최근 들어 인공신경망을 이용한 기계학습이 여러 분야에 활용되면서, 머신 러닝 프레임워크를 이용하여 데이터 처리 과정에 사람의 개입을 배제하려는 노력이 확산되고 있다. 즉, 사용자 문제 풀이 결과 로그를 수집하고, 사용자와 문제로 구성된 다차원 공간을 구성하고, 사용자가 문제를 맞았는지 틀렸는지를 기준으로 다차원 공간에 값을 부여하여 각각의 사용자 및 문제에 대한 벡터를 계산하는 방식으로 사용자 및/또는 문제를 모델링하는 것이다. In recent years, machine learning using artificial neural networks has been used in various fields, and efforts to exclude human intervention in the data processing process using a machine learning framework are spreading. That is, the user problem solving result log is collected, the multidimensional space constituted by the user and the problem is constructed, and a value is given to the multidimensional space based on whether or not the user has a problem, And / or < / RTI >

이렇게 사용자 또는 문제에 대한 특성에 대응되는 다차원 공간상의 한 점을 부여하는 것을 임베딩(embedding)한다 또는 벡터화한다고 명명할 수 있다. 또한, 이렇게 임의의 객체에 대응하여 부여된 다차원 공간상의 한 점을 모델링 벡터, 벡터화된 객체, 객체 벡터라고 부를 수 있다. 즉, 임베딩하고자 하는 객체가 문제라면 문제 특성(feature)를 나타내는 다차원 공간상의 한 점은 문제 모델링 벡터, 벡터화된 문제, 문제 벡터로 명명 가능하며, 임베딩하고자 하는 객체가 사용자라면 해당 사용자의 특성을 나타내는 다차원 공간상의 한 점은 사용자 모델링 벡터, 벡터화된 사용자, 사용자 벡터로 명명할 수 있다. This can be termed embedding or vectorizing giving a point in the multidimensional space corresponding to the characteristic of the user or problem.

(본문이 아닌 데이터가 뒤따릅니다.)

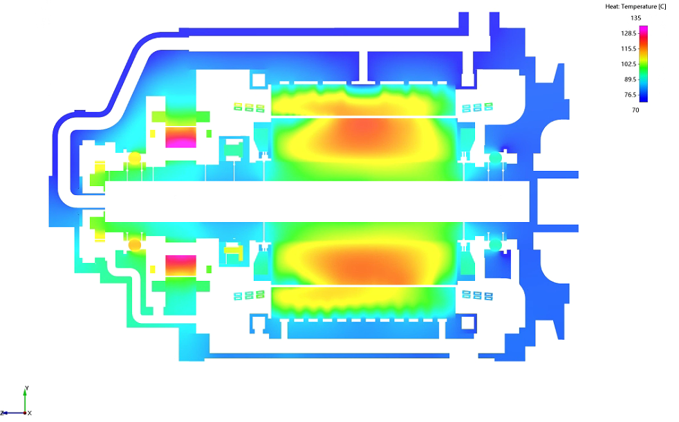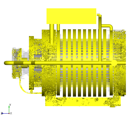 对于高能量密度的大功率电机,冷却技术尤为重要,通常定子线圈和转子均采用液冷技术,我司对某大功率高速油冷电机进行了建模和仿真。基于两相流仿真模型,并结合油液的流动换热和固体的导热进行共轭传热仿真,对电机的油量分配,保障整体冷却效果提供了重要支撑。

Also, a point in the multidimensional space given in correspondence with an arbitrary object can be called a modeling vector, a vectorized object, and an object vector. That is, if the object to be embedded is a problem, one point in the multidimensional space representing a problem feature can be named as a problem modeling vector, a vectorized problem, and a problem vector. If the object to be embedded is a user, One point in the multidimensional space can be named user modeling vector, vectorized user, user vector.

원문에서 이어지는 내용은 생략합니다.